Para cobrar el seguro de
vida pero también porque les parece que queda mejor ser viudos que divorciados,
muchos maridos y esposas deciden deshacerse de sus cónyuges. Algunos se
aprovechan de la férrea voluntad de sus maridos o esposas de considerarlos
buenos. Una mujer se toma hasta la última gota del vaso de jugo de naranja cargado
de arsénico que le lleva su esposo a la cama. Un hombre recibe de lo más
confiado una puñalada en la espalda en lugar del masaje que le prometió su
señora. ―Nadie quiere creer que está casado con un asesino porque si lo asume
tiene que cuestionarse a sí mismo, opina una psicóloga forense. Pero las cosas
no siempre salen según lo previsto y algunos implementan diferentes planes que
fracasan una y otra vez. Un hombre
decidido a terminar con su esposa se pone a arreglar el techo con la intención
de dejar caer un bloque de cemento cuando ella se acerque a alcanzarle una
herramienta. La mujer logra esquivarlo. La invita luego a ir de caza con él y
la estimula para que pasee por la zona de tiro. Ella no se despega de su lado.
Él oculta después un ratón en la guantera del auto y cuando, según sus
cálculos, su esposa está conduciendo en la autopista, la llama al celular para
se fije si olvidó unos papeles importantes en ese compartimento. La mujer se
asusta muchísimo pero no pierde el control del volante. Al final lo logran pero
es probable que algún amigo o familiar recuerde la sospechosa mala racha que la
víctima había tenido antes de perder la vida.
Los especialistas se
muestran muy técnicos pero de vez en cuando hacen algún comentario doméstico.

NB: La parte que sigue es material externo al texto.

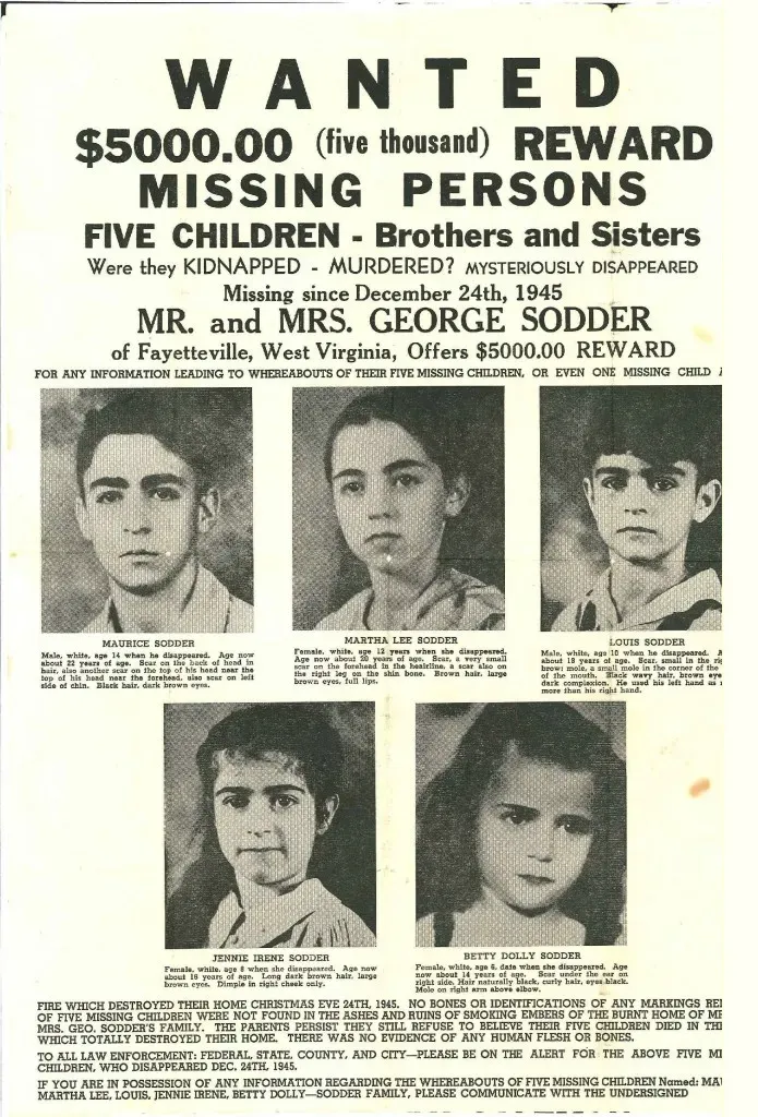 دریافت کارت پستال مرموز: سال ۱۹۶۸ خانواده سودر عکسی از مردی جوان در پست دریافت کردند که نوشتهای در پشتش بود: «لویی سودر، دوستت دارم، برادر کوچک مور، ایلویس، نیویورک». خانواده باور داشتند این یکی از فرزندان گمشده است. پیگیری همچنان ادامه دارد: جرج و جنی تا پایان عمر به دنبال فرزندانشان بودند. تصویر کودکانشان برای دههها بر تابلو اعلاناتی در جاده نزدیکی خانهشان نصب شده بود.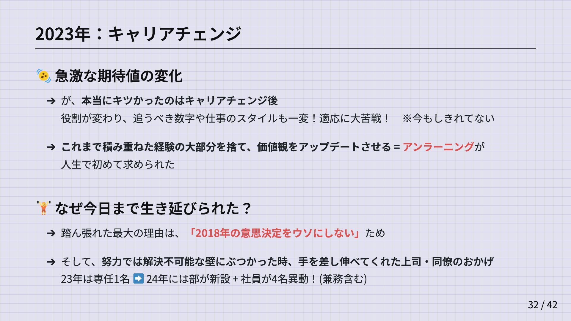 2023年:キャリアチェンジ 急激な期待値の変化 ➔ が、本当にキツかったのはキャリアチェンジ後 役割が変わり、追うべき数字や仕事のスタイルも一変!適応に大苦戦! ※今もしきれてない ➔ これまで積み重ねた経験の大部分を捨て、価値観をアップデートさせる = アンラーニングが 人生で初めて求められた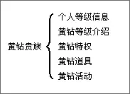 如果单纯的按照上面概括的信息罗列,则可以规划出一个黄钻贵族的网站,树状图如下: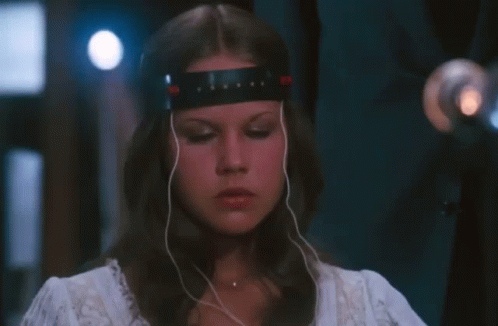 Linda Blair as Regan MacNeil in Exorcist 2, wearing a headband and appearing hypnotized.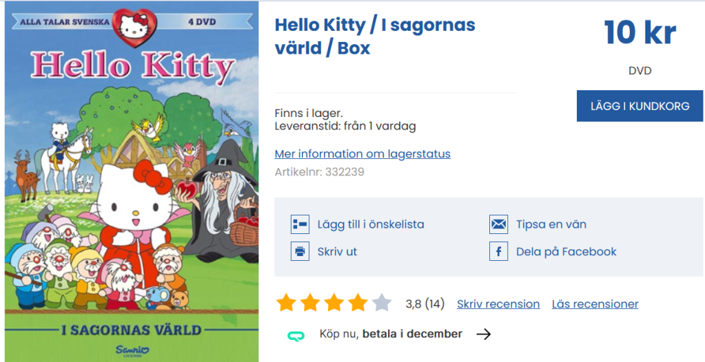 Katalogen (den ikke-visuelle nr. 4/24) inneholder endel varer som ikke stilles ut i butikken, blant annet to sider med filmer som deles inn i kategoriene «lesbian», «straight» og «gladporr». Flere av sistnevnte er «ej textad», opplyses det. Bøkene i katalogen går under kategorien «lettere litteratur», det billigste var et tegneseriealbum til kr 5,-. Men per medfølgende artikkel blir prisen på denne Hello Kitty kvadruppelboksen enda lavere.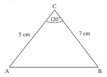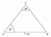 Then measure 7 cm along the line and the triangle can be completed.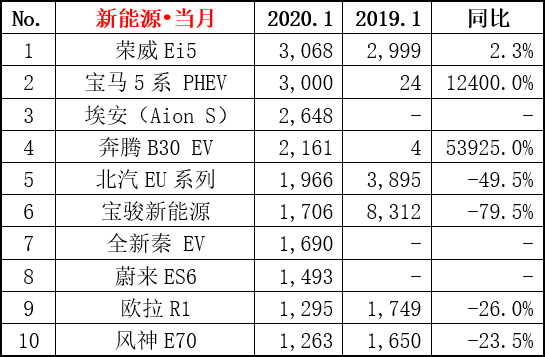 猛烈的市場沖擊下,1月新能源汽車車型銷量榜單亦呈現(xiàn)“千奇百怪”狀態(tài),銷量榜單TOP 10車型可謂出現(xiàn)了整容式變化,首先是榜單老熟人比亞迪元、e5、吉利帝豪EV、奇瑞eQ1等車型集體“失蹤”,而留在榜單的老面孔榮威Ei5、北汽EU系列、歐拉R1等車型表現(xiàn)各異,如上汽榮威Ei5以3068輛位列第一,北汽EU系列則退居第5。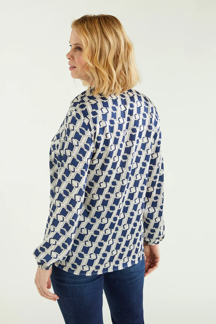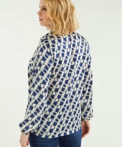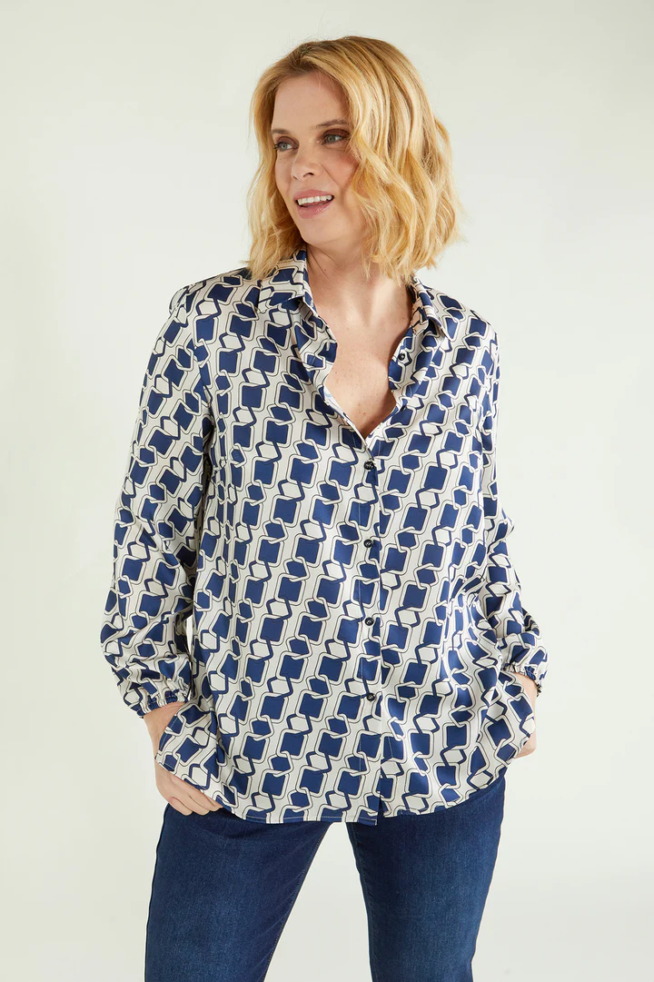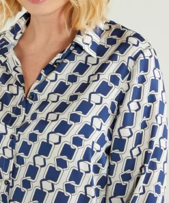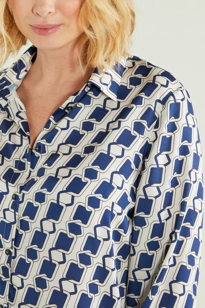 • Camicia stampata in satin. Linea diritta con spacchetti laterali.

―Decía que su mujer era sucia pero la camioneta de él estaba asquerosa, señala
un detective irritado ante un sospechoso que quería atenuar el hecho de que su
mujer había sido asesinada señalando sus defectos. Y sobre la novia de un asesino que defendía a
su pareja a toda costa, dice una mujer policía: ―Se notaba que estaba
desesperada por dormir con alguien. Se muestran también muy subjetivos al
describir las sensaciones que tienen al encontrar al culpable. Es para algunos
el momento más feliz de sus vidas, sienten “mariposas en el estomago”. Cuando llegan los resultados del análisis de
ADN y confirman lo que ellos pensaban, chocan palmas, gritan y celebran. Pero
al rato se acuerdan de la víctima y el ambiente se ensombrece.
Para ciertos casos,
convocan a expertos en cuestiones muy específicas como en lectura de salpicado
de sangre o en recuperación de cadáveres en pozos. Algunos son celebridades
como el Doctor Tierra, geólogo de la Universidad de Dakota, que se dedica al
análisis del barro pegado en los zapatos, o el especialista en envenenamiento
por cianuro de Scotland Yard al que sólo se llama para un caso importantísimo.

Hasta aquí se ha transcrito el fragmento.